* **Instructions to follow**: Skip any pictures. Repeat the data exactly, from its first line through the line that holds "Šviesiai mėlyna trumpa", both included.

* **Provided data**:
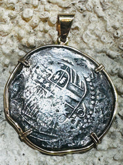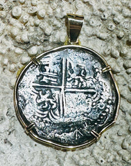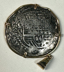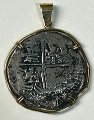 Encased in a finely crafted 14k gold bezel, this genuine 8 Reales Spanish Cob Coin from the historic Atocha shipwreck embodies a remarkable slice of Spanish heritage. Merging precious metal elegance with a rare artifact, it delivers lasting beauty and a powerful link to history. Ideal for collectors or as a one-of-a-kind gift, this piece combines skilled artistry with deep cultural meaning, making it a captivating highlight in any jewelry collection or treasure trove.
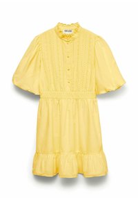 Šviesiai mėlyna trumpa suknelė su aukšta apykakle, pūstomis rankovėmis, priekiniais sagomis ir raukšlėtu atvartuku. Pagaminta iš medvilnės audinio su siuvinėjimo detalėmis.
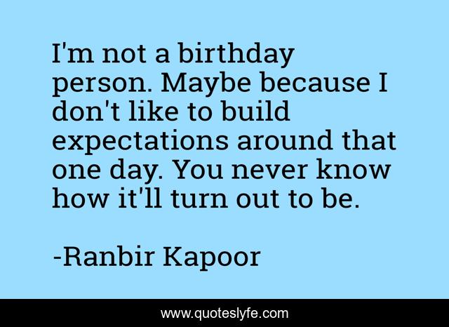This page presents the quote "I'm not a birthday person. Maybe because I don't like to build expectations around that one day. You never know how it'll turn out to be.". Author of this quote is Ranbir Kapoor. This quote is about day, expectations,.
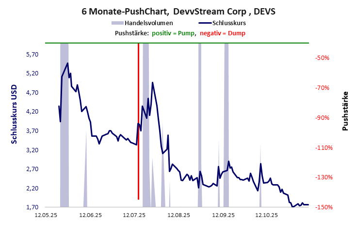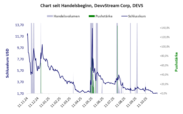 DevvStream Corp hat ein sehr schlechtes Scoring in Klasse D. Es ist eine billige Aktie mit einem riesigen Kursverlust. Das Gesamtvermögen ist karg, die Vermögenswerte scheinen nicht vorhanden zu sein, der Umsatz ist mickrig, die Ertragslage extrem verlustreich, die Geldverbrennung extrem hoch.

* **Written answer**:
 Encased in a finely crafted 14k gold bezel, this genuine 8 Reales Spanish Cob Coin from the historic Atocha shipwreck embodies a remarkable slice of Spanish heritage. Merging precious metal elegance with a rare artifact, it delivers lasting beauty and a powerful link to history. Ideal for collectors or as a one-of-a-kind gift, this piece combines skilled artistry with deep cultural meaning, making it a captivating highlight in any jewelry collection or treasure trove.
 Šviesiai mėlyna trumpa suknelė su aukšta apykakle, pūstomis rankovėmis, priekiniais sagomis ir raukšlėtu atvartuku. Pagaminta iš medvilnės audinio su siuvinėjimo detalėmis.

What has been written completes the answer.